By Beatrice Brown
Human subjects research has long been plagued by racial inequality. While flagrant abuses have been curtailed, disparities have, unfortunately, persisted.
One area ripe for scrutiny is clinical trial enrollment. A 2018 study by William Feldman, Spencer Hey, and Aaron Kesselheim in Health Affairs documents racial disparities in trials that are exempt from typical requirements for informed consent from study participants.
Informed consent is a cornerstone of the ethical conduct of medical research, as affirmed by the Belmont Report in 1976. However, emergency conditions, such as cardiac arrest, are not conducive to obtaining informed consent. Patients may be incapacitated, and often there is simply not enough time to discuss the trial in a meaningful way with surrogates. Nevertheless, research on emergency conditions is important for improving clinical practice.
To respond to this issue, the FDA created the “exception from informed consent” (EFIC) process in 1996 to allow for the study of drugs and medical devices used to treat emergency conditions. The rationale for this process lies in weighing the ethical principle of beneficence with the ethical principle of respect for persons—if the clinical benefit to be derived for the population is sufficient, then exceptions from informed consent may be warranted.
However, even if there is an ethical justification for EFIC trials, for the practice to be just, the burdens and benefits of these trials ought to be fairly distributed.

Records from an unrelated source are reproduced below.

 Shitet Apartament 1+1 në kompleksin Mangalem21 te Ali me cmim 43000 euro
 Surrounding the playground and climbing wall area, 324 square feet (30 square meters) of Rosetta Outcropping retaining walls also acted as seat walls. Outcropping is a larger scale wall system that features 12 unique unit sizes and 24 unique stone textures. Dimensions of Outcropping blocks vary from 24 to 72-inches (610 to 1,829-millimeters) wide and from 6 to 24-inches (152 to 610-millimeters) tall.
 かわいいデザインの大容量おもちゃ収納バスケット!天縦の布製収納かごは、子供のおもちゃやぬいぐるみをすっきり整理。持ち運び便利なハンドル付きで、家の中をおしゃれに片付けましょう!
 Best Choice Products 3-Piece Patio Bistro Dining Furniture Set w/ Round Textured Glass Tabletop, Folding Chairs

Feldman, Hey, and Kesselheim’s findings raise questions about the fairness of EFIC trials. Although Black people represent only 13 percent of the US population, they made up 29 percent of participants at U.S. sites for EFIC trials.

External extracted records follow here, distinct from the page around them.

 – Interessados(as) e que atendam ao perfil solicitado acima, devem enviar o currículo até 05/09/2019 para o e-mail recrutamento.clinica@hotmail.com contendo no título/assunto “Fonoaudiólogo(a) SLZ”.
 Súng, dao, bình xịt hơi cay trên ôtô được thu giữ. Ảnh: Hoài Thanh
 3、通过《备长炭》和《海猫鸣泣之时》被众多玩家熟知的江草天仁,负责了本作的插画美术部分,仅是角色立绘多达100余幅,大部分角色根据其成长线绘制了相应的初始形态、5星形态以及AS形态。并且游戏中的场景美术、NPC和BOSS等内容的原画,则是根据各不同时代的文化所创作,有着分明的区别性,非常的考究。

This overrepresentation of Black people in EFIC trials stands in sharp contrast to their underrepresentation in clinical trials requiring informed consent.

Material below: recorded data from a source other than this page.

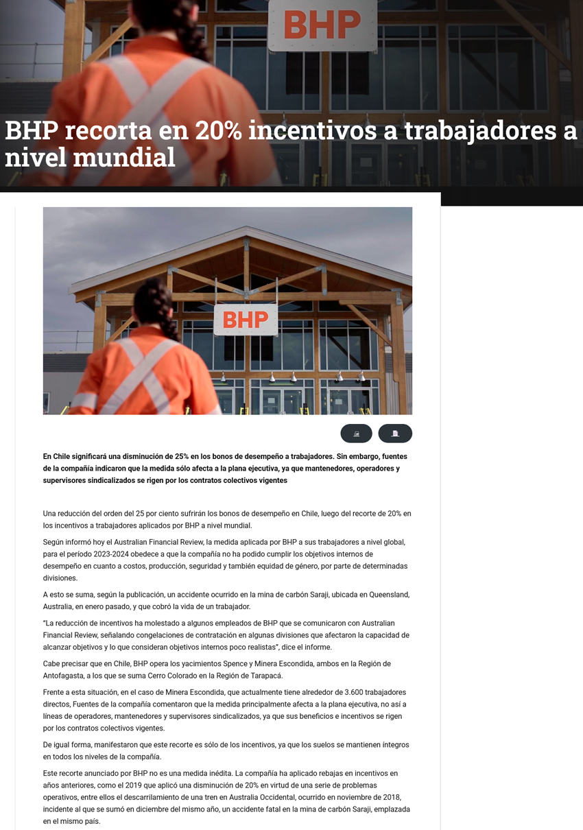 Minera BHP decide recortar bonos de incentivo para sus trabajadores a nivel global, incluido Chile - (biobiochile online)
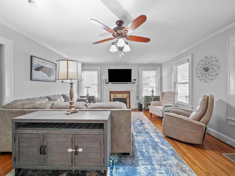 Charming and thoughtfully updated Victorian-style home, nestled in the desirable Brookwood Historic District - minutes from I-85 and the vibrant FUSE District/downtown Gastonia. The original hardwoods, crystal doorknobs, beautiful crown molding, heavy trim are just a few features that preserve the character of the home. The inviting living room abundant in natural light, updated kitchen (2021) featuring granite counter tops and stainless steel appliances, new windows and blinds, newer HVAC and furnace (2023), encapsulated crawlspace (2021) provide modern conveniences and peace of mind. The home offers versatile living with three bedrooms upstairs and an additional bedroom on the main level, ideal for guests or a dedicated home office. Enjoy morning coffee or evening relaxation rocking on spacious front porch, and entertain guests in the backyard under the pergola, or around the built-in firepit. This home truly combines historic charm with modern comfort?don't miss it!
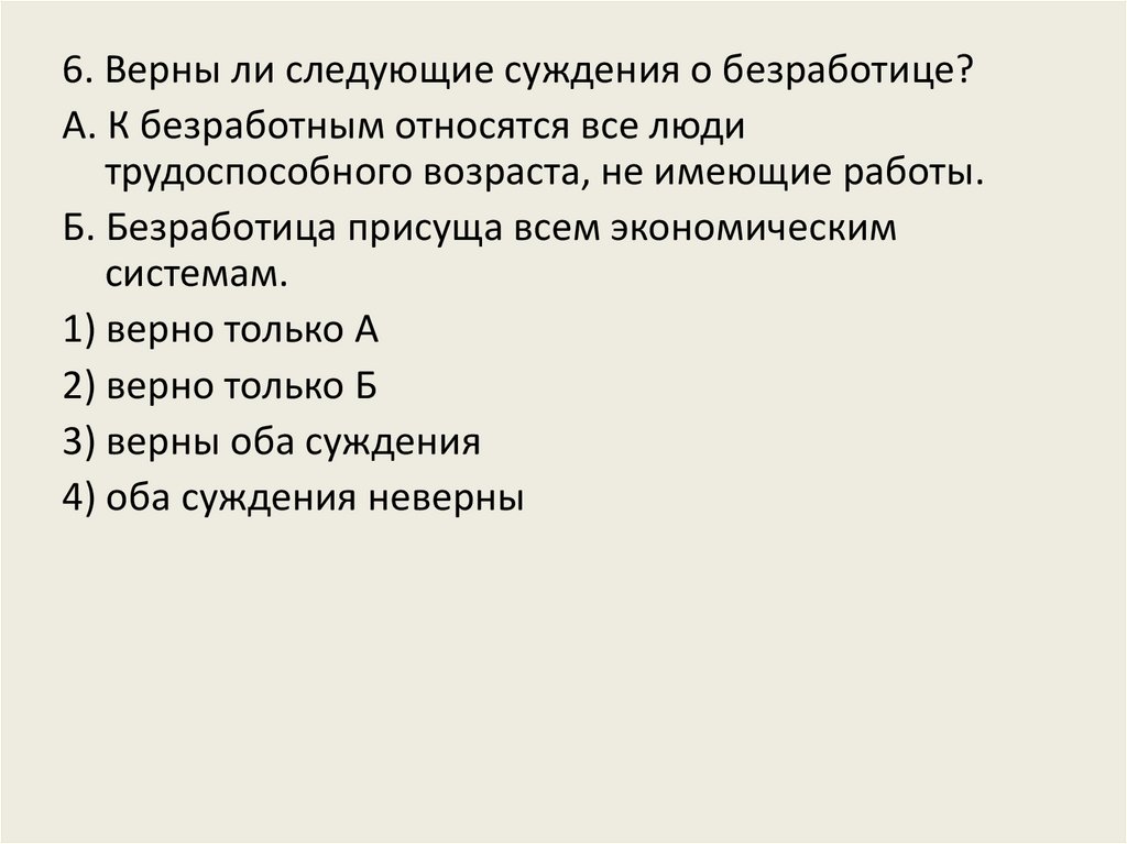 6. Верны ли следующие суждения о безработице?А. К безработным относятся все люди
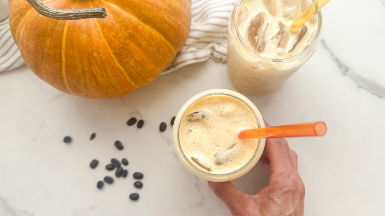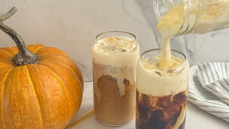 The second that summer wraps up and we sense the first hint of fall, everyone seems to have one thing in mind: pumpkin. Of course, perhaps the most notable leader in the pumpkin brigade is Starbucks, and more specifically its pumpkin spice latte. The coffee chain has expanded its variety of pumpkin beverages over the years, and nowadays the pumpkin cream cold brew is all the rage, providing that classic fall-inspired flavor without being overly sweet. If you are seeking those cozy autumn vibes, why wait in line at Starbucks when you can create a delicious pumpkin cream cold brew in your own kitchen? This recipe, brought to us by wellness coach and recipe developer Miriam Hahn, combines the boldness of cold brew coffee with sweet pumpkin, warm cinnamon, rich vanilla, earthy nutmeg, and frothed cream to bring you the flavors of fall without even leaving the house.
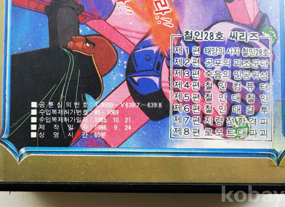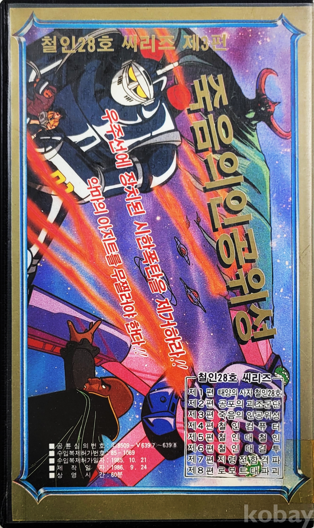 물 품 명 | 철인28호 (3) : 죽음의 인공위성 / 작은 케이스 / 1986년 / 대영비디오프로덕션 |
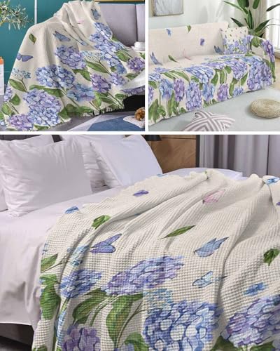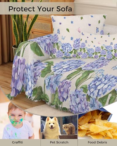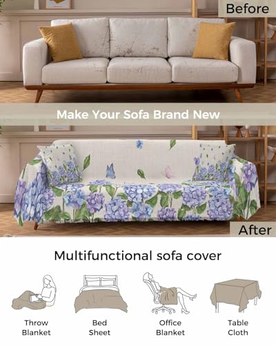 Floral Blue Cover Couch Covers for 3-4 Cushion Couch Throw Couch Cover with Tassel Soft Slipcover Summer Country Hydrangea Flowers on Burlap White Couch Furniture Protector for Dog Pet 71"x150"
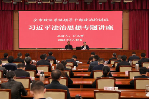 3月15日,无锡市政法系统举办习近平法治思想专题讲座。此次讲座作为江南大学法学院与无锡市委政法委、无锡市司法局共同设立的“法治无锡•市域社会治理现代化研究院”成立以来举办的首次大型专题讲座,副市长、市委政法委副书记、市公安局局长、全市政法队伍教育整顿领导小组副组长刘必权主持并讲话,省政法队伍教育整顿驻点指导组副组长陈旭,市中级人民法院院长钱斌,市人民检察院检察长朱良平出席专题讲座。讲座以电视电话会议形式举办,各市(县)区在分会场收听收看专题讲座。
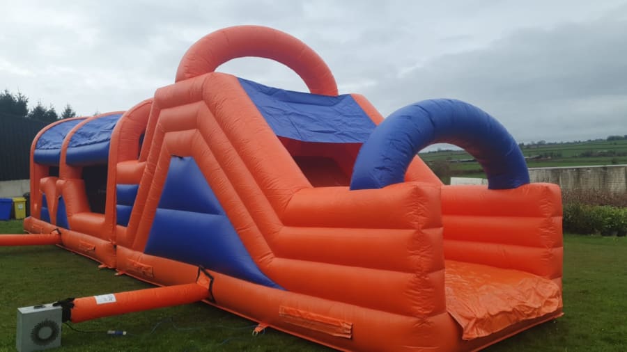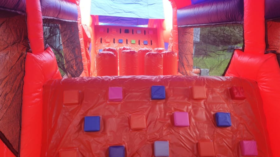 Check out our new 45 ft red and blue adrenaline booster obstacle course. Sure to be a big hit and suitable for both boys and girls. Loads of fun from when you enter obstacle course though entrance to series of bish and bash and pillars and over climbing wall and more tunnels and a high climbing wall and down the high slide. Has netting on both sides for easy supervision.
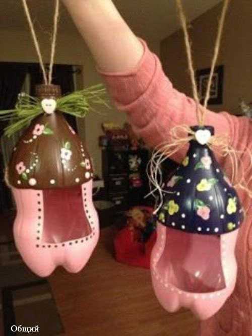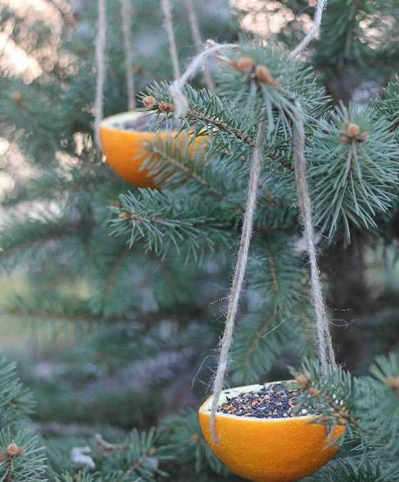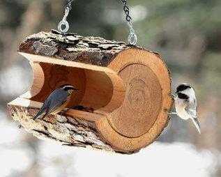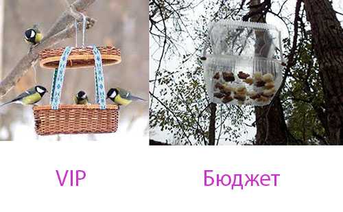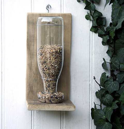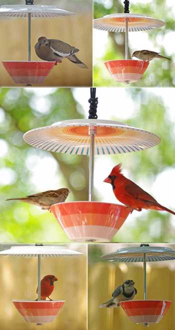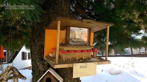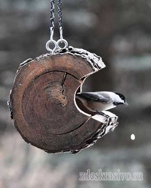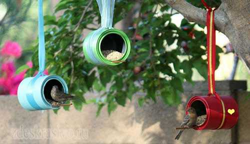 Чаще всего можно встретить такие варианты: деревянные домики, обрезанные пластиковые бутылки разных размеров, подвешенные сетки с провизией, различные подставки и поддоны и так далее.

Black people only make up 5 percent of clinical trial participants overall. Participation in clinical trials may afford patients better outcomes through access to cutting-edge treatments. Diversity and inclusivity in clinical trials are also important to understanding and analyzing research findings. Although efforts in various medical fields, such as in oncology, are underway to make clinical trials more inclusive, enrollment among Black people remains low.
This underrepresentation and overrepresentation both represent concerns for research ethics.
The underrepresentation of Black people in clinical trials that require informed consent may partially result from distrust fueled by past historical abuses in medical research. And overrepresentation of Black people in trials that bypass informed consent might exacerbate this distrust. The overrepresentation of Black people in EFIC trials, while not fully understood, may be due in part to the possibility that these trials are conducted in communities with higher proportions of Black people. The data raise questions about whether Black participants in EFIC trials (or their surrogates) would willingly consent if given the chance or if they would otherwise decline to enroll.
More must be done to ensure that EFIC trials do not perpetuate racial disparities. Though extensive work is needed, Feldman, Hey, and Kesselheim provide a few preliminary suggestions.
First, better community engagement may be helpful. The FDA requires that EFIC trial investigators engage in a community consultation process before initiation of trials, which includes providing information about the risks and benefits of the intervention and soliciting feedback on research plans. But a follow-up study demonstrated that Black people are underrepresented in this consultation process relative to their enrollment, and that groups with higher proportions of Black people support EFIC trials at lower rates. Deeper, targeted consultation in Black communities may help to improve the EFIC process and mitigate racial disparities by ensuring that these communities have a voice in shaping the conduct of these studies.
Second, Feldman, Hey, and Kesselheim propose that recruitment should be conducted in a wide variety of communities to ensure racial and ethnic parity. Many EFIC trials provide interventions in the field (i.e., before arrival to the emergency room) and enroll patients across wide catchment areas. It is important, the authors argue, that clinical investigators perform these trials in diverse communities and not only in areas with high proportions of Black people.
Finally, Feldman, Hey, and Kesselheim suggest that the FDA implement reporting requirements to ensure that better data are available on consent and race in these trials. Having better data would allow policy makers to improve the EFIC process, ensuring that it remains ethical and does not exacerbate already-existing racial disparities.
As COVID-19 continues to reveal deep racial disparities in our health care system, we must think carefully about how to resolve these disparities in all realms of medicine, including clinical trials and particularly those trials that bypass consent. Researchers conducting trials without informed consent must be cognizant of systemic racial injustices and ensure that they are not contributing to the persistence or worsening of disparities.